新たな時代のランニング文化「TOKYO CITY RUN」
「コロナ禍を経て、ランニングをする人はさらに増えました。フルマラソンなどの大会の敷居は高いですが、距離が短くても、多くの方にとって、自分の走力に見合った楽しみができるイベントのニーズは高いと考えています。アディダスでも、3月末にトップ選手によるガチなレースと、同じコースを一般の方が思い思いのペースで走るイベント『ADIDAS TOKYO CITY RUN 2023』を東京・神宮外苑で開催しました」(山口さん)
トップ選手たちにとっては、駅伝シーズンが終わり、スパイクを履いてのトラック競技が始まるタイミング。この時期に、ロードシューズでのハイレベルのレース(しかも陸連公認の記録会)となったことで、選手たちの評判も上々だったとか。
「一般の方々にとって、トップ選手たちと同じ公認コースで走るのは大きな魅力です。こうした新しい試みは、数こそ多くはできませんが、今後も取り組みたいと考えています。唯一残念だったのは、当日が雨だった点です(苦笑)」(山口さん)
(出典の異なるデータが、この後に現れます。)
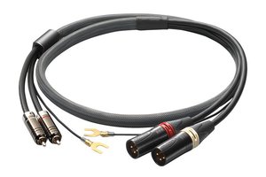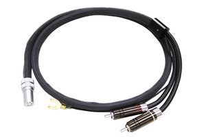 本モデルは、カートリッジの性能を100%引き出すため、導体に1.25Sqの極太PC-Triple C 線材を採用したバランス伝送型フォノケーブル。極太線材とPC-Triple Cの特徴である低歪率、高伝導率によって、微弱なカートリッジからの信号を損なうことなくフォノアンプへ伝送すると説明する。

“すべてはアスリートのために”という、創業者アディ・ダスラーの理念が受け継がれるアディダスのモノづくりのこだわり。世界で最もたくさんの人たちが参加するアクティビティであるランニングカルチャーに、アディダスはどんな未来を提案してゆくのだろうか。次回以降に、乞うご期待なのだ!
※)アディダス オリジナルス:2001年にスタートしたアディダスの新レーベルのこと。通常レーベルのアディダスとは違い、世界のストリートシーンを彩る斬新でお洒落なスニーカーが多い。